### ASSIGNED TASK
Leave the pictures out, and transcribe the material below exactly from the line with "Clubhouse downloads per" to the line with "View full details4", both lines included.

### DATA SHOWN
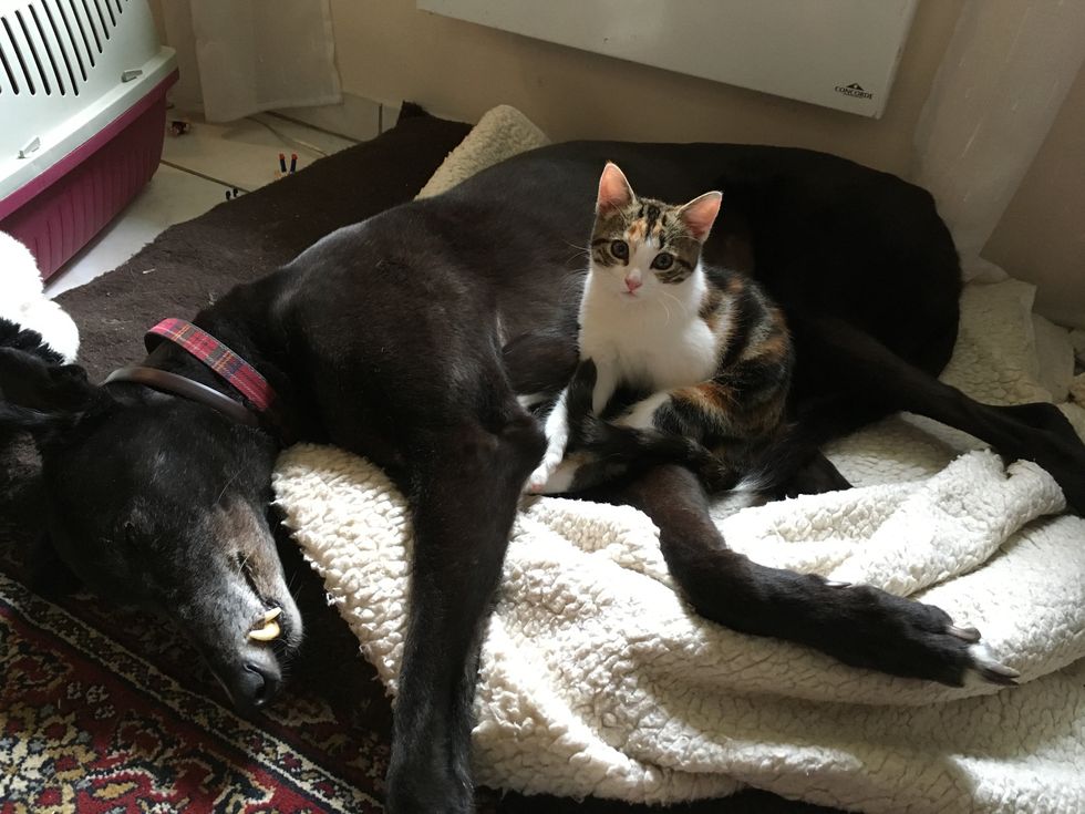 Mini Kitty snuggles up to her canine buddy for a nap.
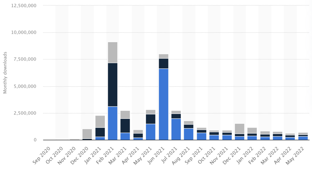 Clubhouse downloads per month. This graph is not up and to the right.
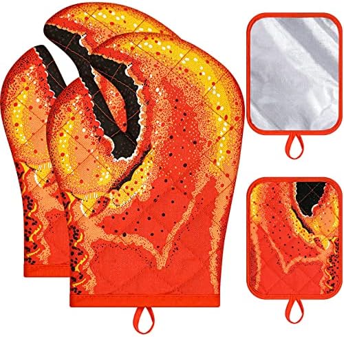 View full details4 Pcs Lobster Claw Oven Mitts and Pot Holders Quilted Cotton Lining Design Heat Resistant Oven Gloves Set with Poth Holder Microwave Gloves Safe for Baking Cooking Barbecue
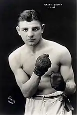 In his first professional match, on December 7, 1920, Mosberg defeated Frank Cassidy, in a close ten-round newspaper decision of the Philadelphia Record at the Fourth Regiment Armory in New Jersey. Other newspapers wrote that Mosberg had clearly won on points scoring, but admitted the bout was close. Cassidy had the stronger punching in the bout, but Mosberg was credited with greater speed, and started off with a points lead in the first two rounds. In the closing round, Cassidy bore in to Mosberg with strong body blows, leading at least one reporter to write that the bout was a draw.[11] Mosberg was happy to face Cassidy, who had decisioned him in the Olympic finals in Boston earlier that year. Cassidy had been a great amateur boxer who was an AAU Champion in 1918 and New York State Amateur boxing champion in 1919. But Mosberg knew Cassidy's fighting style and was willing to prove he could defeat his former Olympic rival in a final meeting. Dave Driscoll had promoted the bout, and got Mosberg $1,500 for the well-attended match. The boxing card included Mosberg's friend and future lightweight contender Mel Coogan against Jewish boxer Eddie Wallace. It also featured future light heavyweight champion Gene Tunney, the "fighting Marine". Mosberg was praised for his aggressive boxing, and claimed to have been particularly skilled in infighting in his early career.[12][13] In his second bout, on the afternoon of December 25, 1920, Mosberg defeated Paul Edwards, a more experienced and proven opponent than Cassidy, in a decisive ten-round unanimous decision at the Commonwealth Sporting Club in New York. Both boxers were from New York's East Side, and the fighting was fast and furious, with Mosberg landing more blows and more telling ones than his opponent. Mosberg "made a chopping block" out of his more experienced opponent, but though he tried desperately, was unable to put him away in the later rounds, as Edwards assimilated the blows and sailed in for more.[14] Edwards, a quality journeyman featherweight, had met Patsy Cline, Johnny Clinton, and Joe Tiplitz, but he was on the downside of his career, and had not amassed an impressive record against the contenders he had faced.[6]

### RESPONSE
 Clubhouse downloads per month. This graph is not up and to the right.
 View full details4 Pcs Lobster Claw Oven Mitts and Pot Holders Quilted Cotton Lining Design Heat Resistant Oven Gloves Set with Poth Holder Microwave Gloves Safe for Baking Cooking Barbecue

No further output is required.